If you have any interest in or concern for the future formation of Unitarian Universalist ministers, I suggest you take a look at the materials posted at Celestial Lands regarding proposed fundamental changes at Meadville Lombard Theological School.

On the public relations side of things, the school is touting their road ahead as nothing but positive. Underneath, however, is a painfully familiar story of opacity and stubbornness on the part of the administration, particularly noted by the lack of involvement by both the students and the faculty in the changes to the educational program. Add to that the turnover of at least 14 staff members in the last few years, and you have one hot mess.

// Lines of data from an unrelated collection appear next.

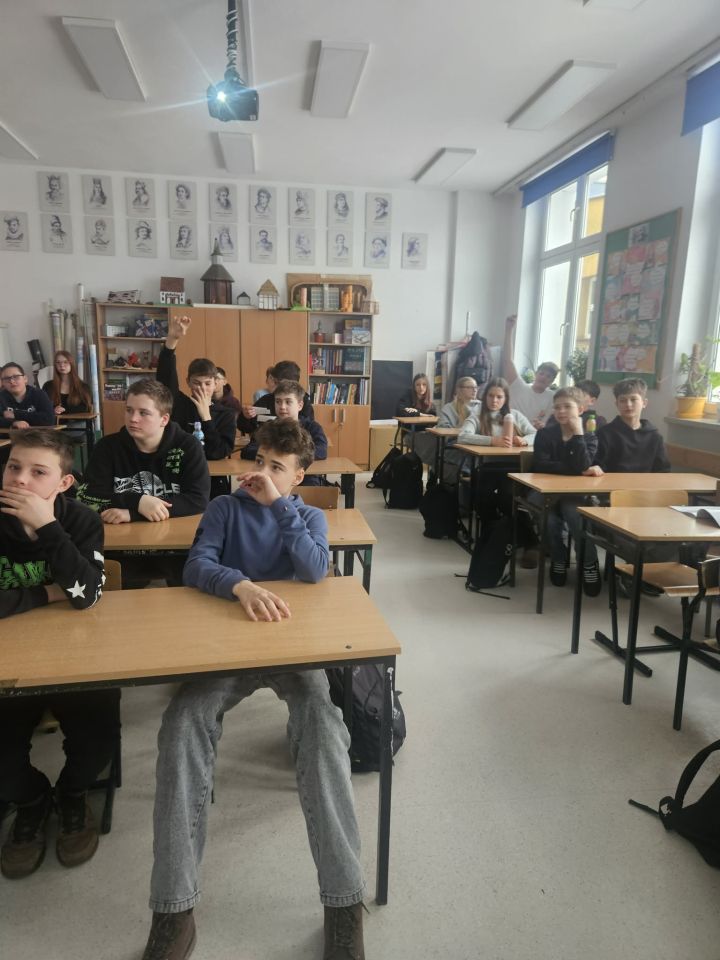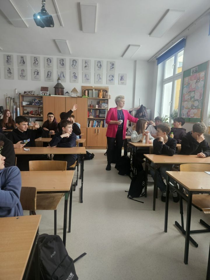 Dnia 27.01.2026 r. klasę 7b odwiedziła Pani Małgorzata Polańska- pracownik ZUS/ Oddziału Koszalinie, koordynator ds. komunikacji społecznej . Pani poprowadziła zajęcia, podczas których uczniowie dowiedzieli się, czym jest instytucja ZUS, jakie pełni zadania oraz jaką rolę odgrywa w systemie zabezpieczenia społecznego w Polsce. Omówione zostały m.in. rodzaje składek pobieranych przez ZUS (emerytalne, rentowe, chorobowe, wypadkowe oraz zdrowotne) oraz to, na co są one przeznaczane — m.in. na wypłatę emerytur, rent, zasiłków chorobowych
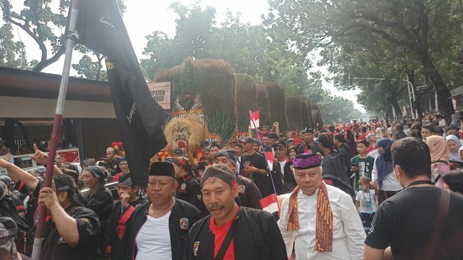 Rombongan dipimpin kesenian Reog Ponorogo. Ada yang mengenakan topeng besar berwajah harimau khas Reog Ponorogo. Turut ikut di belakangnya masyarakat Kabupaten Ponorogo.
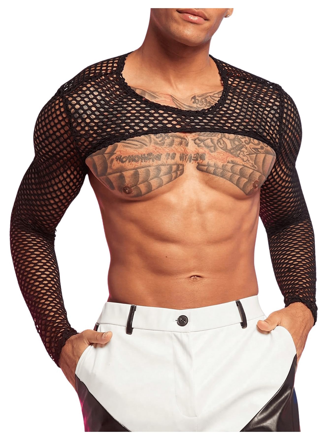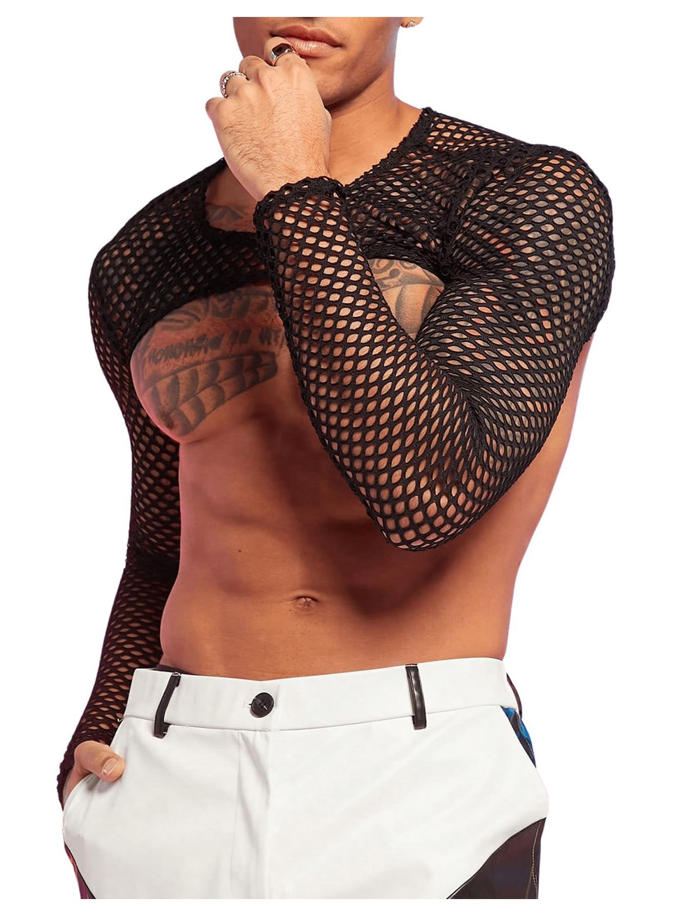 - Features: mesh, fishnet, sheer, long sleeve, cropped, round neck, hollow out, see through, slim fit, party t shirts for men
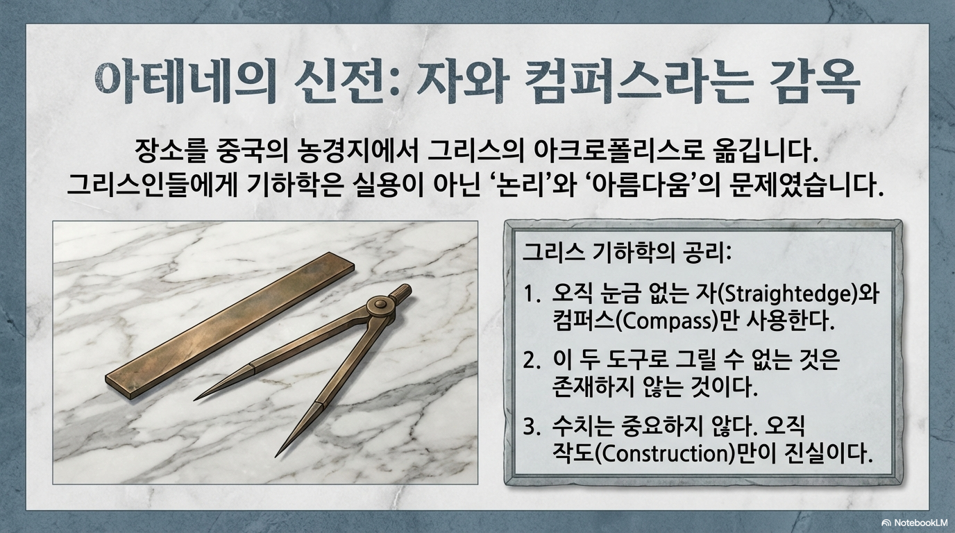 반면 고대 그리스인들은 원이라는 곡선을 사각형이라는 직선의 틀 안에 완전히 가두려 했습니다. 그들에게 기하학은 오직 '자와 컴퍼스'만을 허용하는 엄격한 논리의 세계였습니다. 두 점을 잇는 직선과 한 점을 중심으로 도는 원, 이 자명한 공리 위에 세워진 세계는 정밀했지만, 한편으로는 그 규칙을 벗어날 수 없는 거대한 '논리의 감옥'이기도 했습니다.
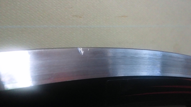 ということで、車のバンパー修理で使った耐水ペーパーで磨いてみた。
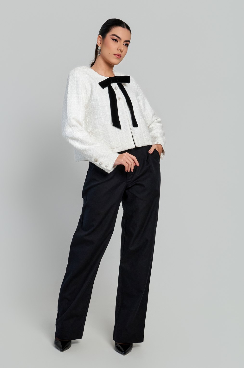 Calça confeccionada em algodão com modelagem reta. Possui pregas frontais, fechamento com zíper e bolsos faca.
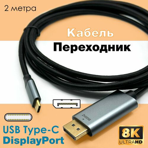 Найти - Кабель USB Type-C to DisplayPort 1.4 Black Whip 2 метра 8K, 5K, 4K, 240 Hz, 165 Hz, 144 Hz, 2 метра

I can’t say I’m surprised. I was struck, repeatedly, during our four years in Chicago while I supported my husband through this program, by the sheer myopia of the administration, especially in regards to their dealings with students and alumni/ae. The students were and still are consistently left out of formative discussions, told that the school would “take care of them,” while the alumni/ae were and still are consistently pumped for funds without regard for how they were treated as students, or the cost of a seminary education that continues for years with astronomical student loan payments.

The faculty, on the other hand, seemed to be much in the same boat as the students — their input belittled, their resources limited, their ranks thinned in favor of more administrative positions (like the highly paid new provost) — and yet still managed to provide outstanding academic grounding to the students, and support on many levels during the process of ministerial formation. It should be noted that the faculty and the administration are completely separate entities.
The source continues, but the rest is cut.